Plankton also play an important role in oceanic carbon fixation. Some of the carbon fixed by phytoplankton sinks to the deep ocean and is effectively removed from exchange with the atmosphere.
For example, the Arctic Ocean is currently home to phytoplankton that are larger than those in tropical seas. Many of these have shells, and their excretions are also larger and heavier. As a result, both dead organisms and their excrement sink faster and to greater depths before the carbon they contain is decomposed back to CO2. Dissolved in deeper waters, this CO2 remains trapped in the depths for long periods of time due to density stratification and the slower circulation of the deep ocean.
If smaller species replace larger ones, this transfer of carbon to the deep ocean will decrease.
However, scientists cannot say exactly how significant these effects will be. “The only thing we can determine right now is how important certain areas of the ocean are today in terms of different ecosystem services and whether this provision of services will change in the future” Benedetti says.

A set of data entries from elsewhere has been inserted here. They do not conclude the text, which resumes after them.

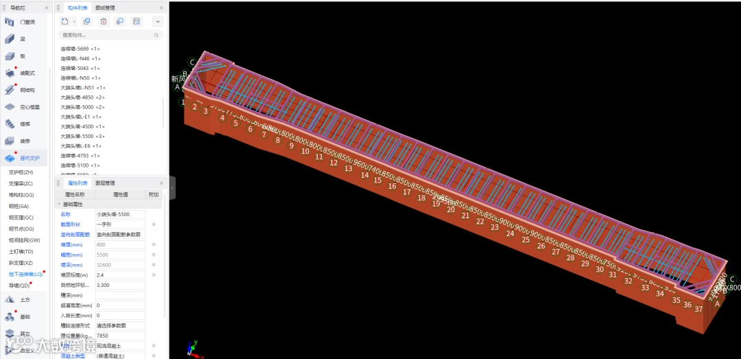 3、导墙-支持一键生成,可以查看钢筋三维,非常方便。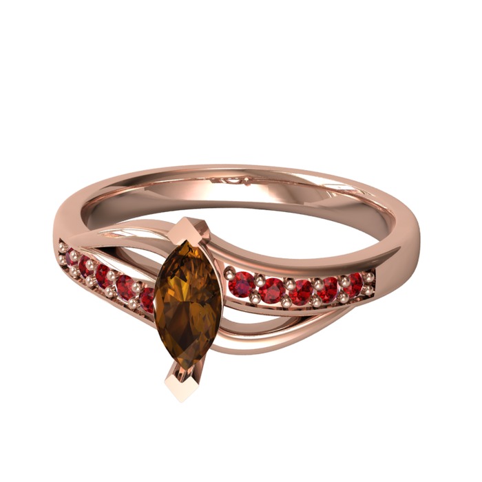 Dumanlı kuvars ve garnet 925 ayar rose altın kaplama gümüş yüzük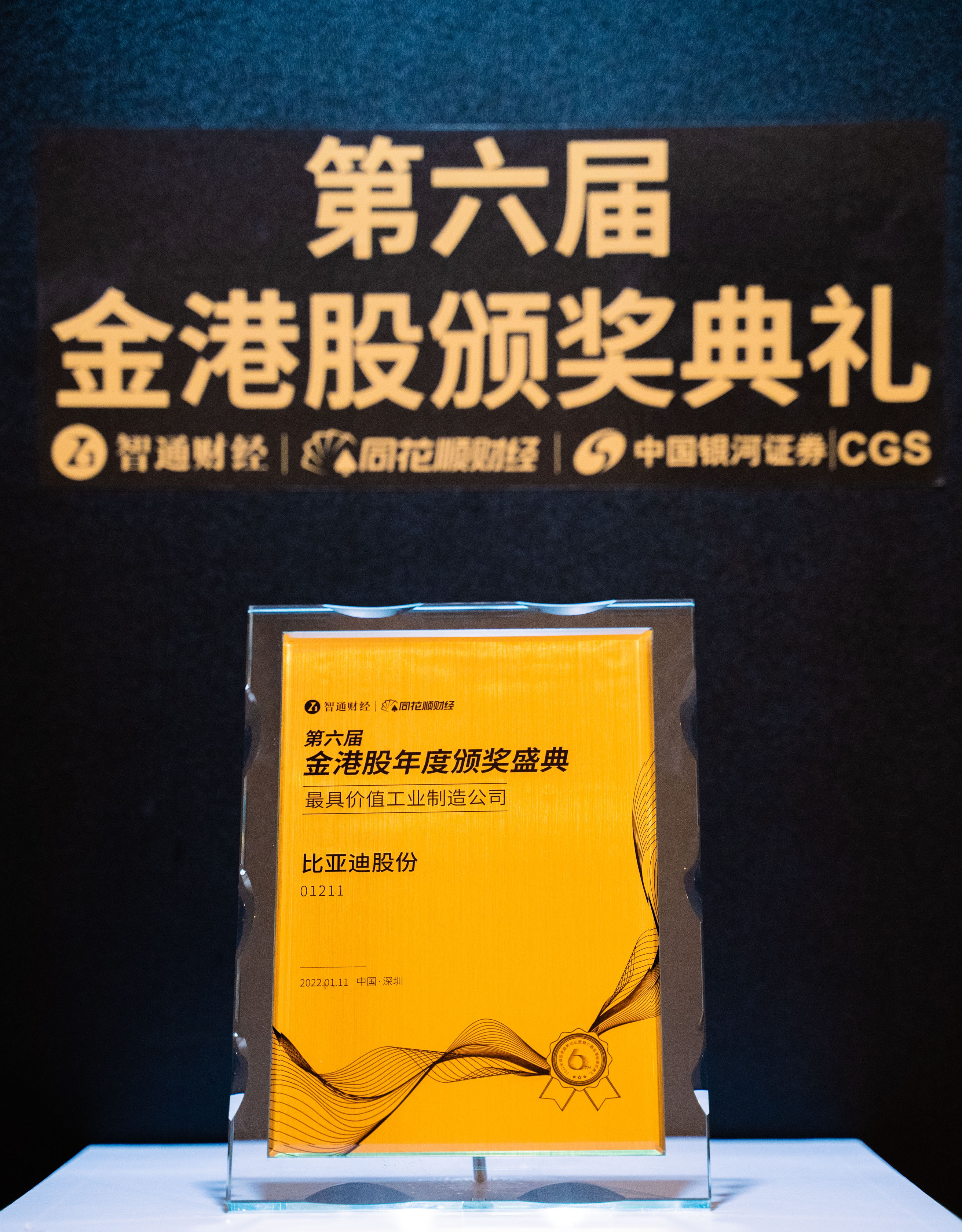 2022年1月11日,在深圳举办的“2022年全球投资趋势论坛暨第六届金港股颁奖典礼”上,比亚迪股份(01211)荣获“最具价值工业制造公司”奖项。
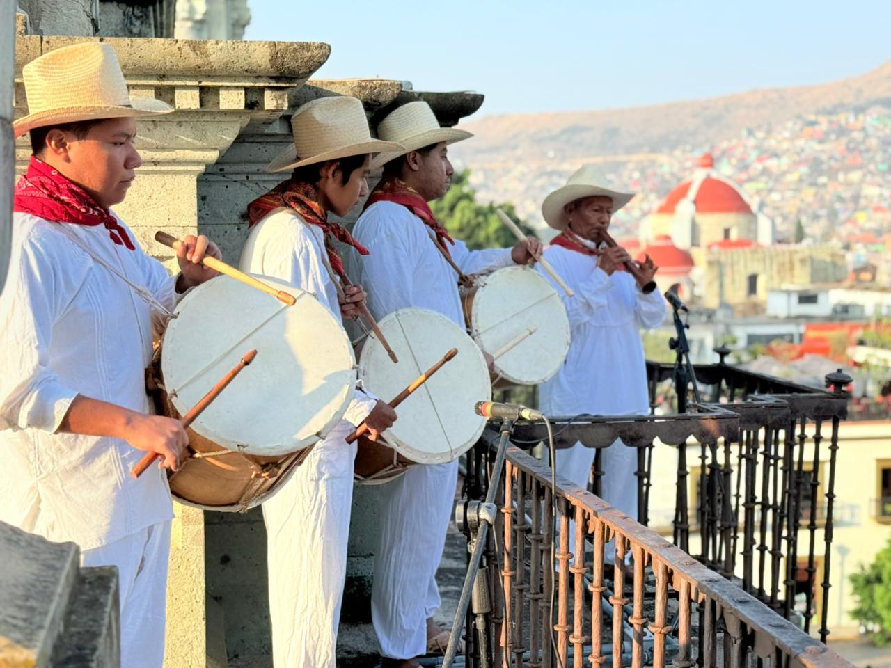 El evento, reunió las tradiciones más arraigadas de la comunidad, con un festejo que entrelazó la música de la tradicional chirimía que interpretó “Las mañanitas” desde lo alto de la Catedral Metropolitana para dar paso al repique de campanas en templos de la capital oaxaqueña y luego a la interpretación de Mujer Oaxaqueñas y Dios Nunca Muere con el tenor Isael Rivera Cañas con el acompañamiento del Coro del Municpiio y la Banda de Música de la Policía Municipal.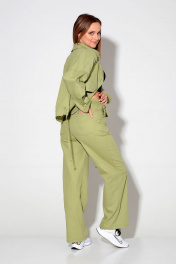 Жакет прямого силуэта со спущенной линией плеча. Воротник рубашечного типа. По переду накладные карманы с клапаном. Центральная застёжка на петли и пуговицы. По спинке настроченная кулиса со шнуром из основной ткани. Низ рукава на притачной манжете с застёжкой на петлю и пуговицу. Брюки на притачном поясе, от середины передних половинок и по спинке на резинке. Застежка брюк спереди по типу «гульфик». По бокам карманы с наклонным входом. Сзади накладные карманы. Комплект выполнен из хлопкового джинса. Длина брюк по боковому шву: 107 см. Длина куртки по центру спинки: 56 см. Длина рукава от горловины: 70 см.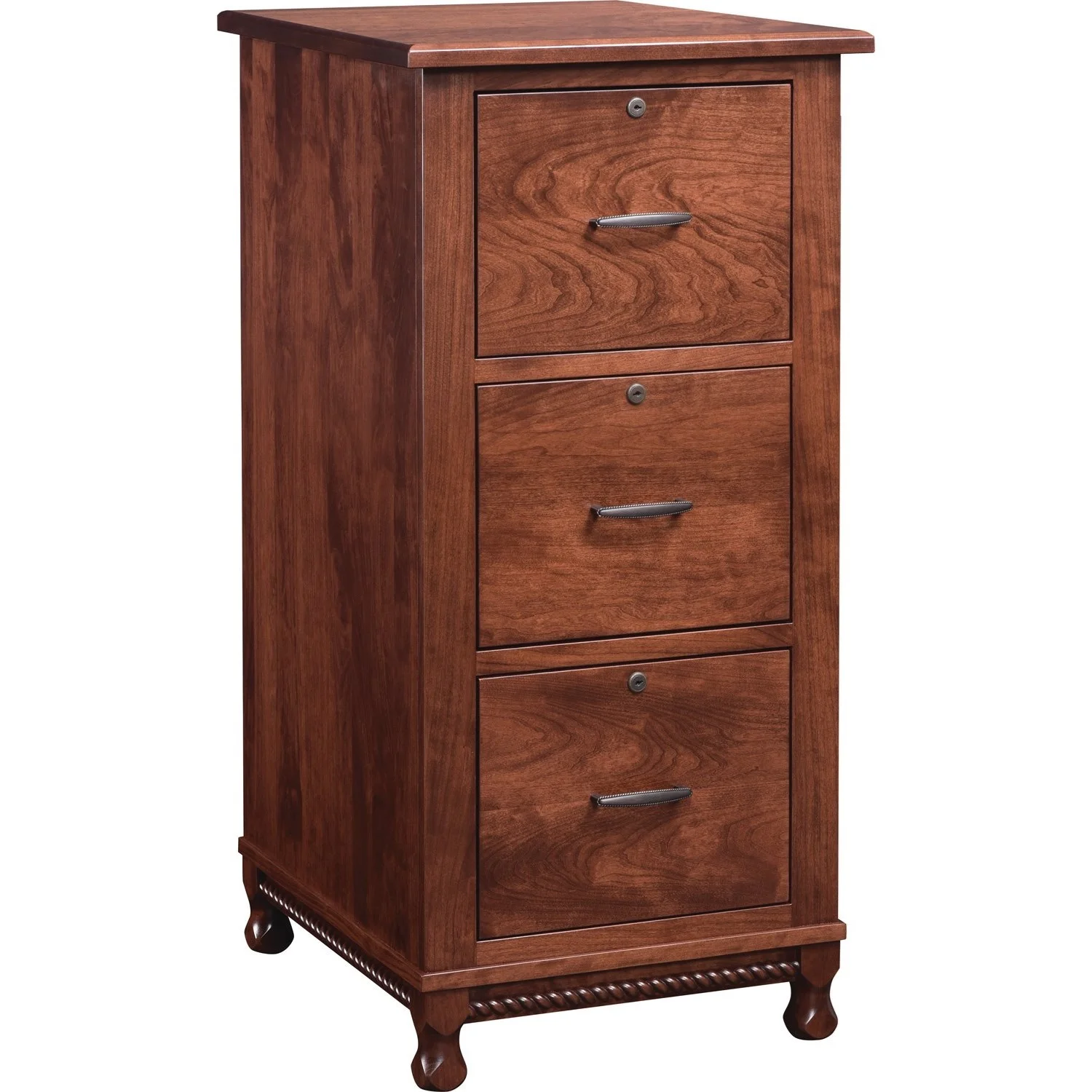 moreStore all of your important files securely and in timeless style with this 3-Drawer File Cabinet. The piece provides you with three file drawers, all of which are locking so you know your documents are safe. Furthermore, this piece is available in an assortment of wood types, finishes and hardware options, allowing you to create the look that suits you and your room best.

Distribution shift well underway
Scientists have been observing shifts in plankton distribution since the Researchers have been observing that the distribution of plankton is shifting for several decades. The first systematic monitoring programme, the so-called Continuous Plankton Recorder (CPR), began in the North Atlantic in the 1930s. With the help of the CPR data, other researchers have recently been able to show that smaller copepods have displaced the larger species in the North Atlantic since the 1950s due to climate warming. This has also reduced the sequestration of atmospheric CO2 in the deep sea.
Jellyfish, another type of zooplankton, are also migrating northwards. In 2005, Ireland detected a huge influx of tropical jellyfish, which devastated salmon farms along the coast. “Events like this show that shifts in plankton distribution are already well underway,” says co-author Meike Vogt.